On Monday, the Rams, Chargers, and Raiders all filed paperwork to relocate to Los Angeles, marking the first time since the Raiders and Rams left the city in 1994 that an NFL team has formally asked to relocate to L.A.
The NFL’s stadium, finance, and L.A. committees will meet on Wednesday and Thursday in New York City to discuss the two proposals.
The first, led by Ram’s owner Stan Kroenke, features a $1.86-billion stadium in Inglewood that would be the focal point of a 298-acre entertainment, housing development, and entertainment site located on a former Hollywood Park race track. The other, co-led by the Chargers and Raiders, is a $1.7-billion venue to be built on a 157-acre plot located on an remediated landfill in Carson.
Kroenke’s proposal, obtained by the Los Angeles Times on Tuesday, firmly lays out why St. Louis isn’t fit to host an NFL team and why the Inglewood plan outmatches the Carson bid.

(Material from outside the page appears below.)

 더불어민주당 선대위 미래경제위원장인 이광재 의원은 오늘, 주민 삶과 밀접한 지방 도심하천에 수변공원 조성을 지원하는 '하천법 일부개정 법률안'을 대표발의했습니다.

A large part of this centres around the stadium itself, which would be the biggest in the NFL. From the LA imes:
The venue would be capable of hosting two teams with 70,240 fixed seats and accommodate another 30,000 people in standing-room-only areas for large events. There would be 274 suites, 16,300 premium seats and 12,675 dedicated surface parking spaces — all numbers the Rams say exceed those in the Carson proposal.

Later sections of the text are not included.